New York City is my internal state of mind made external. Everything it is on the outside is what's going on in my inside. Plus, the freaks. Don't forget the freaks. But I have to leave; I'm losing sleep, becoming lonely inside my own head. I'll go to a new city or town. I'll hide away my sorrows in suburbia and do things like plant tomatoes, give Christmas gifts to the mailman, and watch the rising price of gasoline. When I leave, I'll be ready to be alone in the presence of others. I point to his copy of Shock. "I've got the column."
Rob Shachtley, lead singer of Glass Half Empty, purses his lips, waits a second, then says, "Huh." He opens Shock. There's a sidebar inside, a sidebar for me. He arrives at it with his fingertips. At the top of the page, it says "Antibiotics." Every week, readers send in letters about my column. He flicks his fingers against the words. "You're a splash. You generate the mail, babe."
"I figure I'll stick around till 1996. Then I can be one of those writers who lives in New England or has a farm somewhere. Or a ranch. In Sundance. Or Vail. Didn't Hemingway die in Idaho?"

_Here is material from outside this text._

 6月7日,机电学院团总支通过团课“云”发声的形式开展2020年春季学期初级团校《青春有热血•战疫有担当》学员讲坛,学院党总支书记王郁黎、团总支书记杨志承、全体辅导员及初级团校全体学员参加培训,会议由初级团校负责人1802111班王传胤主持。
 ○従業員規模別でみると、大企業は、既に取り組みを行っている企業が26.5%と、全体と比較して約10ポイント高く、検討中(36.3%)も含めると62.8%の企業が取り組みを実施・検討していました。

He remains silent for a second, looks at Kim, and then turns to me again. "You're not making it by just writing a weekly New York Schlock column, are you? You don't think that's gonna get you a ranch in Sundance, do you?"
"I temp," I divulge.
He gets up to check his machine. "You meet lots of struggling actors and actresses on the temping front?"
"Never. They all cater." I walk over to my washer. "What's the most interesting thing that's ever happened to you on the job?" Manhattan fodder for writers seeking the absurd.

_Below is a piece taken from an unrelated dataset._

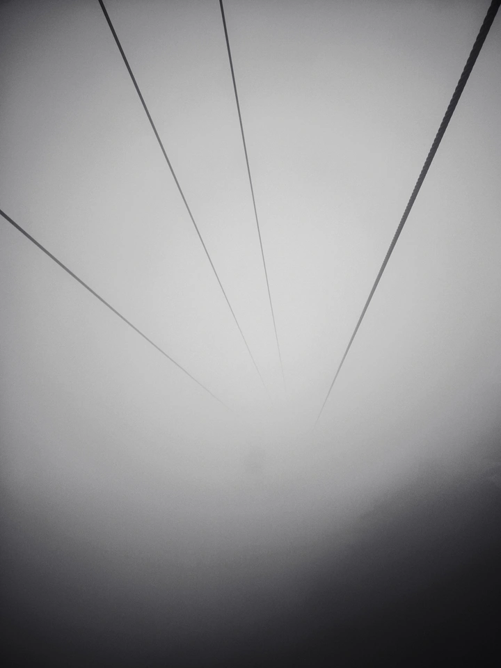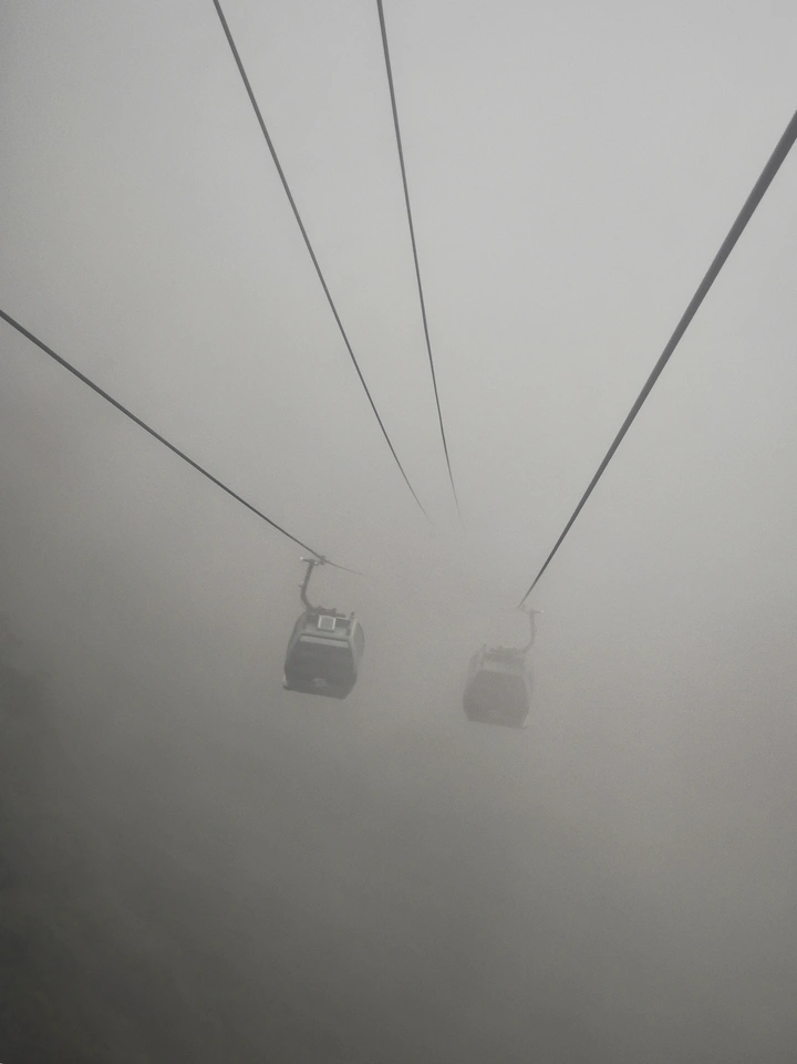 这张图有以下分析: - 优势:既有线条的形式感,又有缆车的具象焦点,雾中若隐若现的缆车成为视觉锚点,让“在迷雾中穿行”的意境更具叙事性,既保留了雾景的朦胧氛围,又通过缆车明确了场景属性(索道观光),画面层次和故事感更丰富。 - 不足:相比上一幅的“极致极简”,画面元素稍多,但这一“多”恰恰强化了场景的可读性。 结论 《未来》2照片更好。它在形式感(线条、雾景)和叙事性(缆车主体)之间取得了更好的平衡,既有艺术的朦胧美,又有场景的辨识度,能让观者更直观地理解画面主题,同时引发“雾中索道穿行”的情绪联想,整体的艺术表达更完整、更具感染力。

Rob balances on the balls of his feet. "Once I catered a dinner at Kissinger's."
"Fascinating man," I say.
"Rack o' lamb with new potatoes. Rosemary something."
I squint, picturing it. "If at all possible, I'd avoid serving lamb."

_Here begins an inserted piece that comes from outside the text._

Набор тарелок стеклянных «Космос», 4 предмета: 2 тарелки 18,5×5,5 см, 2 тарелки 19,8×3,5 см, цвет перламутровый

"Old rich guys love it." Rob's machine stops spinning. These washers wind down without warning. No plaintive cry for attention, no wailing buzz, nothing. He starts the dance that takes place between washer and dryer. Nothing must touch the ground or it's over: you lose. "What's the most interesting thing that's happened to you while temping?"
I put my hands on my hips. "Wait— was it Kissinger or the lamb that was interesting?"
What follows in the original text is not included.